На следующий день мы отправились в консульство Пакистана. Хмурый чиновник открыл тетрадь, где были расписаны расценки на консульские услуги для разных национальностей. Цена визы для русских — сто долларов! Дороже только для граждан Танзании — двести. Консульские работники уверили нас, что стоимость российской визы для пакистанцев такая же. (Это неправда — например, в Карачи российская виза для пакистанцев на тот момент стоила лишь 60 долларов). Немцы, получавшие визу вместе с нами, заплатили по тридцать. Уныло порадовавшись, что мы не танзанийцы, раскошелились на консульский сбор. Паспорт с новенькой наклейкой можно было забрать через несколько часов. Хорошо еще, что разрешили въезд на месяц, а не недельный «транзит».
Танзания — союз двух бывших африканских колоний — материковой Танганьики и островного Занзибара.

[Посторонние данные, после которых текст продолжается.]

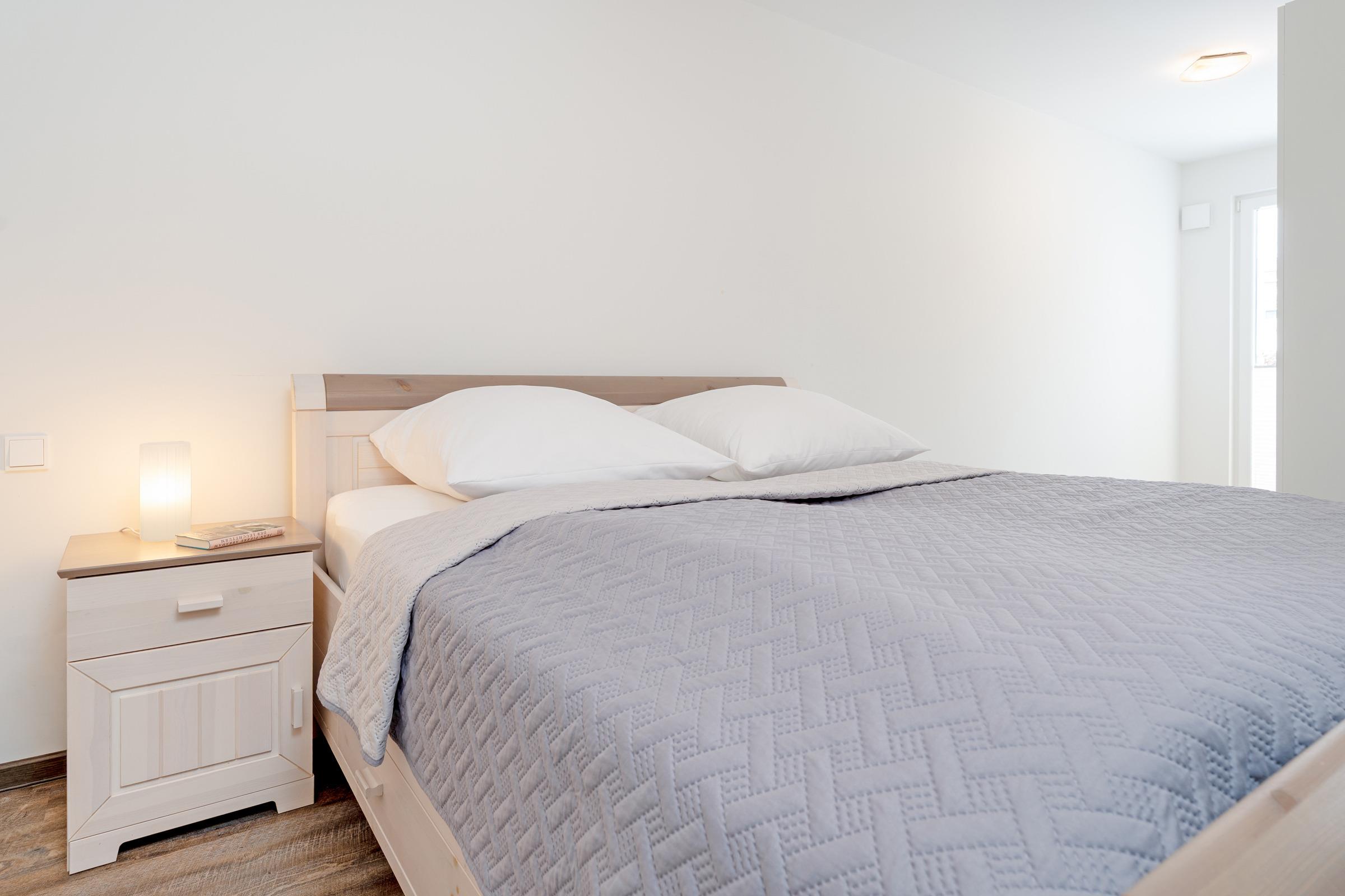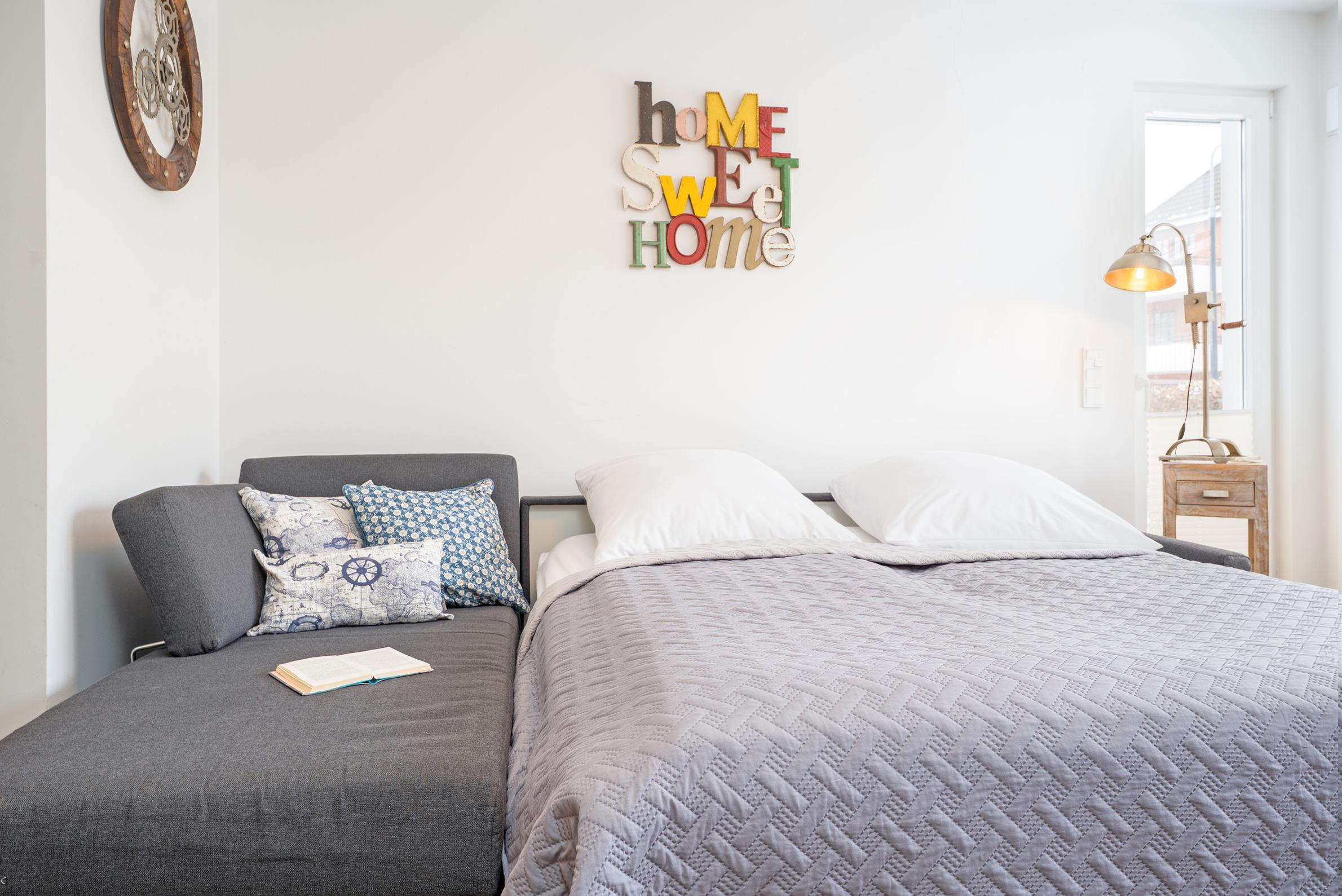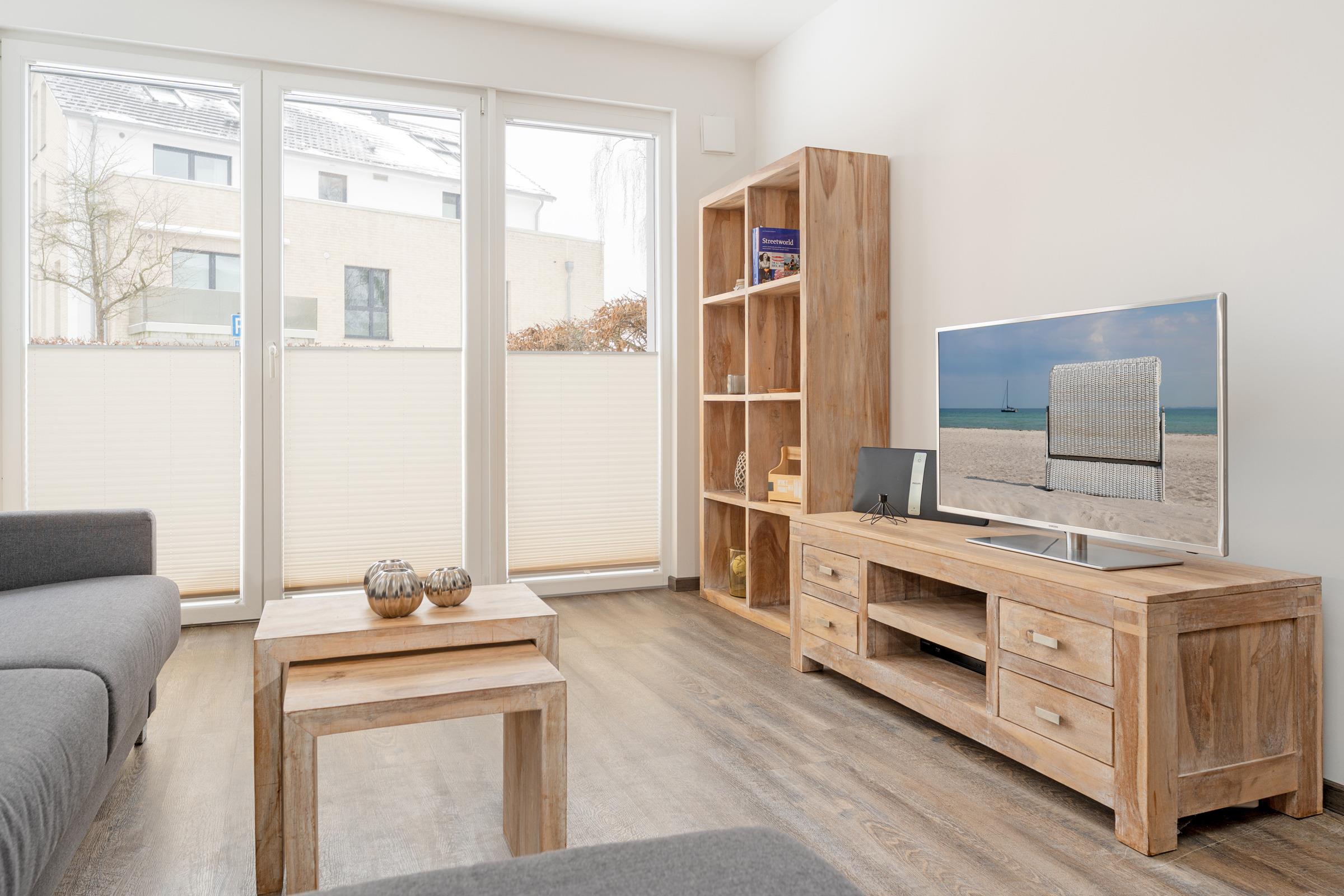 Ein heller Flur mit Garderobe empfängt Sie und führt in das modern eingerichtete Wohnzimmer. Hier können Sie loungige Abende auf Ihrer Couch genießen, um z.B. in Ruhe ein Buch zu lesen. Die Couch lässt sich mühelos zu einer Schlafgelegenheit (160x200 cm) verwandeln. Für gemütliche Abende sorgt eine Docking Station, Soundsystem Philips BM50B im Wohnzimmer und Badezimmer, Playstation 4 sorgt für Abwechslung und gemeinsame Spieleabende. Die offene Küche ist komplett ausgestattet und macht das Kochen zum Genuss. Ihr Bad ist eine Wellness-Wohlfühloase mit schöner Dusche, Handtuchwärmer, WC und Föhn. Im Bad steht Ihnen sogar eine Waschmaschine für die Wäsche zwischendurch zur Verfügung. Das Schlafzimmer ist mit einem Doppelbett (2x 90x200 cm) und einem weiteren Schrank für Ihre Garderobe versehen. Auch hier wurde an einen weiteren Flat- Screen-TV gedacht. Hier werden Ihre Urlaubsträume wahr und Sie wachen am Morgen erholt und gestärkt für das nächste Ostsee-Abenteuer auf. Ihre Wohlfühltemperatur können Sie über das Einstellen der Fußbodenheizung bestimmen. Die Terrasse, lädt dazu ein bei gutem Wetter das Frühstück zu genießen oder den Abend bei einem Glas Wein ausklingen zu lassen.

Заодно мы попытались сделать и афганскую визу, но афганцы тоже потребовали «рекомендательное» письмо от российского консульства: «Мы вас не знаем — может быть, вы едете в нашу страну с террористическими целями. Принесите справку, что у вас таких целей нет». К несчастью, мы не приготовили письмо к афганцам заранее. Звонок в российское консульство ничего не дал, вице-консул куда-то уехал по делам.
Времени оставалось мало, транзитная иранская виза потихоньку «сгорала», а продлить ее в Тегеране было невозможно. Поэтому мы решили отправиться в святой город Кум, чтобы продлить визу там и навестить нашего знакомого Антона Веснина, изучающего в Иране основы ислама. На учебе настояли его родители. Они, правда, имели ввиду более традиционное высшее образование. Но Антон, спасаясь от службы в армии, уехал путешествовать автостопом на Ближний Восток, случайно остановился на ночлег в иранском медресе и… остался там учиться. Жил в общежитии, получал небольшую стипендию.
Мы приехали в Кум под вечер. Из координат Антона у нас был лишь номер телефона медресе Аль-Махди. Зашли в ближайший ресторан, чтобы позвонить оттуда. Узнав, что наш друг учится в медресе, все посетители ресторана принялись помогать в поиске русского «талиба». Наконец, адрес медресе был найден. Один из посетителей ресторана посадил нас в машину и отвез в училище, где в ожидании Антона нас чудесно приняла русскоязычная община.
«Талиб» — на арабском означает «студент».